Salmas yakınındaki Kültepe’de dünyadaki en eski kitlesel insan yerleşimlerinden birinin izleri bulunmuştur. Bu bölgedeki buluntular hakkında kayda değer olan şey, bu eski köyün MÖ 7.000’lere kadar gitmesidir. Bu bölgede bulunan Absidani taş parçaları üzerindeki pullar ve şekiller eski çağlardaki bu gelişmiş köyün Urmiye gölü bölgesinde bıçak, ustura ve diğer kesici aletler üretiminde önemli bir merkez olduğunu göstermektedir. Taş tabaklar, çeşitli taş alet ve edevat buluntuları, ahalinin gıda maddelerini temin konusunda bu toplumda pek çok tarımsal faaliyetin olduğunu göstermektedir. Bunların üzerindeki koyu gri çanak çömlek resimleri ve bölgede bulunan diğer pişirilmiş çamur maddeler Nahcivan’da bulunmuş olup Tunç Çağı’nda MÖ 2.900 tarihine giden aynı çeşit şeylerle eşleşmektedir. Ayrıca, Kültepe’nin yukarı tabakalarında bulunan deliller MÖ 6.000, 5.000 ve 4.000’de sırasıyla Sulduz Nakadeh bölgesindeki Hacı Firuz ve Dalama kültürleri ile Nahcivan özerk Cumhuriyeti’ndeki eski Tunç Çağı kadar eski olan üç kültür çağının gelişmesiyle ilgili deliller sunar. Bu tepenin büyük kültürel değerine rağmen, tepedeki kültürel ve tarihi yönden değerli tabakalardan herhangi biriyle ilgili bugüne kadar ciddi bir çalışma yapılmamıştır. Bu bölgedeki diğer bir kayda değer nokta, kimileri 5 kg gelen büyük Absidani taş parçalarının bulunmuş olmasıdır. Kalıcı bir köy olarak nitelendirilebilecek olan ortadoğudaki en eski insan yerleşimi Irak’ta, Mezopotamya’da bulunmuştur. Burası, kültürel özelliklerinden dolayı Kültepe’den daha eski bir yerdir.

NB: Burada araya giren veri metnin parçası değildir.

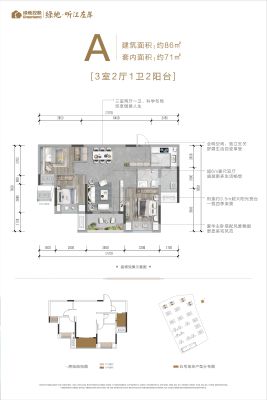 绿地听江左岸户型主要有86平-101平的全明格局,户型方正的三居 、115平-139平的全明格局,户型方正的四居 。
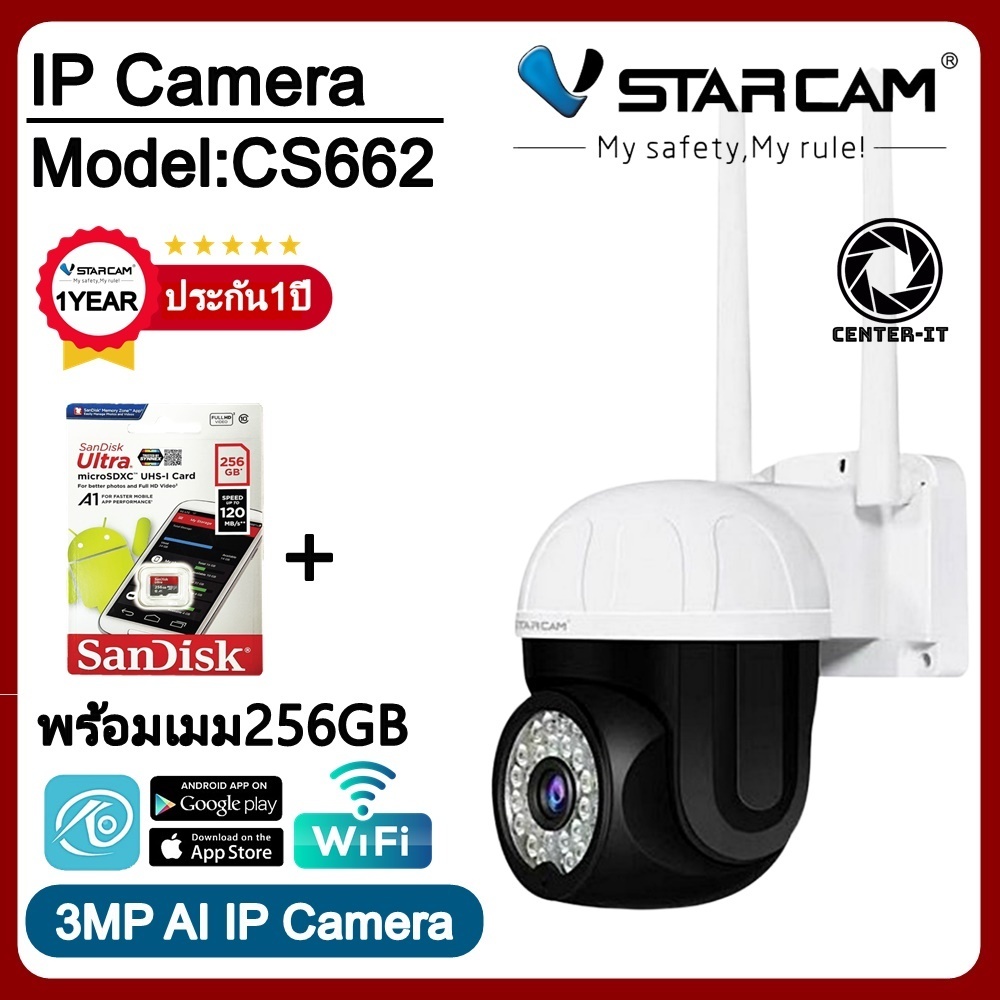VStarcam กล้องวงจรปิดกล้องใช้ภายนอก รุ่นCS64 ความละเอียด3ล้านพิกเซล H-264 พูดโต้ตอบได้ #Center-it
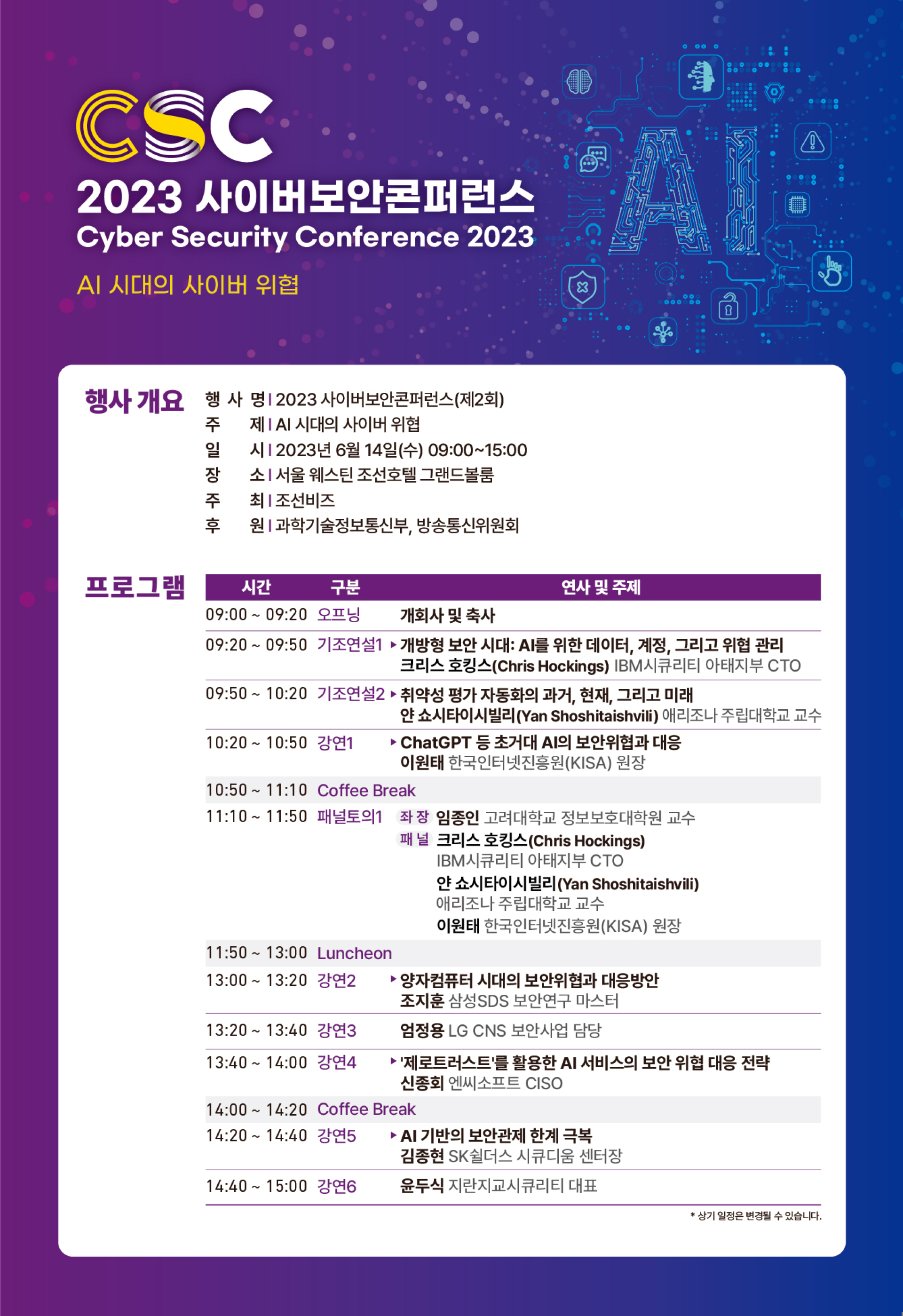 2023년 6월 14일(수) 웨스틴 조선호텔에서 사이버보안콘퍼런스를 통해

Tarihi kaynaklara göre Huriler, dört bin sene önce Azerbaycan ve Doğu Anadolu’da devlet kurmuşlardır. Salmasın Heftvantepesinde bulunan eserlerin bir kısmı bu medeniyete aitttir. Bölgede bulunan başka medeniyet ise Guttiler ve Urartulardır. Urartular zamanında Salmas’a Olho denirdi. Şehir, Urartular döneminde memleketin ikinci başkenti sayılıyordu. Birinci kent ise Türkiye’de Van kenti idi. Salmas’ta Urartular dönemine ait bir hayli eser bulunmuştur. Salmasın ve Batı Azerbaycan’da bulunan eski sulama kanallarının aslı o döneme aittir[2]. Olho kenti, Asurlular tarafından M.Ö. 7. asırda ele geçirildi.Asların burada yaşamalrı bölgesel toponimlere göre mühtemeldir. Eski Asur hikâyelere göre Salmas ilk olarak MÖ 3.000’de Asur hükümdarı 3. Salmansar idaresinde kuruldu. Burası daha çok Babillilerle dost ve müttefik kabilelerin saldırılarına karşı bir istihkâm olarak kullanıldı. Zaman içinde hisar tedricen şehre dönüştü ve telaffuzunu kolaylaştırmak için ismi de Salmasar’dan Salmas’a kısaldı. Bir süre sonra da bölgede Med imparatorluğu kuruldu. Bölgenin Azerbaycan kavimlerinin kurduğu Med imparatorluğu bünyesine dâhil olduğunun en açık işareti, Moğancık adlı bir yerin varlığıdır. Medlerin din adamlarına Moğ denirdi. Kuşkusuz bu ad Moğlarla ilişkilidir.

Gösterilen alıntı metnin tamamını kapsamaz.